Here’s some commentary to amplify and fortify some of the points in one of James’ recent posts, the thrust of which is that software vendors (and, we’d assume, projects) need to reject feature requests more often. On the topic of Agile, he adds:

Perhaps we should add this sniff test to the smell of agile – you can tell an organisation is agile when development teams can reject feature requests.

Here’s to adding “developers can say no” to the smells. I’ll toast to that later tonight during cocktail hour 😉

Now, the other oder in this smell is:

Developers know the market(s) the software is selling into.

This is one of my top 3 dead horses in Agile and Software Development. I’ve labeld the train of thought “The MBA Programmer” and “Good Enough Software Development” both of which are pretty lame, though I like the second. In fact, it’s one of the main topics Charles and I started off the DrunkAndRetired.com podcast with two years ago.

Bozo Bits from Both Sides

Let’s put it another way: developers rightly scoff at “marketing people” giving them technical requirements that the marketing people clearly know nothing about. “We need some WIDGETS in this dashboard! Like in MyFaceSpacr! (Want to connect in LinkedIn?) That’s totally a MUST and ranked as 1.1.0.1! Can you get that in?! OK, I’m off to an IMPORTANT meeting with a ‘customer‘! See ya in 3 months! (“Marketing people” are always busier than you and excited about what they’re saying!)

Similarly, the afore mentioned marketing person would hit DELETE ready-pronto if a developer emailed them something like, “customers are demanding round-trip oriented process audit controls for PRINCESS2 compliance. we gotta have that in. <eom> p.s. I am in ur SOX drawer complyin’ with yer lerws.” (“developers” are always corny and eschew the shift key after periods.)
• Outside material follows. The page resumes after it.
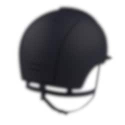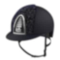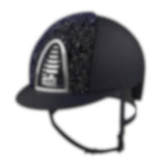 The riding helmet Cromo 2.0 Textile/Sparkling has a navy blue varnished matt shell, rear, visor and grid. Sparkling navy blue velvet on front, chrome frame, sub-grid and button. Navy blue leather chinstrap. Cromo 2.0 has an innovative mechanical system that allows the rider to change the color and design on both the front and rear to adapt the helmet to his own taste and liking.

That is, when running a split house — developers and marketing — if one side of the house says something dumb to the other, the bozo bit gets flipped and duct-taped in place. An activated bozo bit destroys any hopes of doing Agile to the fullest. Oddly enough, it seems like the bozo bit works well in a “Waterfall” world: there’s no reason to make decisions based on bozo bit flippedness. You just do what the spec says, <eom>, kitty cat.

Know Your Frienemy

Obviously, each side in a split house needs to spend more time honing their trade/craft/passion/money-maker –software development and delivery vs. marketing and selling software — otherwise, why have a split house? That said, each side needs both a working technical and a marketing understanding of the software if they’re going to talk with each other without thinking “this [code monkey|marketroid] is an IDIOT! I don’t have to listen to them.”

In my view, much, attention in Agile-think is spent on making the afore mentioned marketroids work closer and better with the code monkeys. The need is usually great and justified. But, often equally needed is an understanding and betterment in the other direction. Otherwise, how can the developers justifiably or even know when to Get Real and say “no”?

Dog-fooding is a hedge, but most dogs won’t eat the Gravy Train that is enterprise software. And while that might be an indicator of something being perniciously enterprisey, despite how tough it is to make, who don’t like gravy?

In the end, each side has to buckle down and understand the implications of what the other side is doing. For example, the marketing folks need to know what “RSS/ATOM” and “scaling” means; the developers need to know what “compliance/audit” and “SOA” means. Otherwise, you get that weird swing-set (can’t find a link to that 4-panel cartoon! thanks everyone!) from a game of requirements telephone. Of course, the end-users end up sucking up the slack and hating both sides of the split house.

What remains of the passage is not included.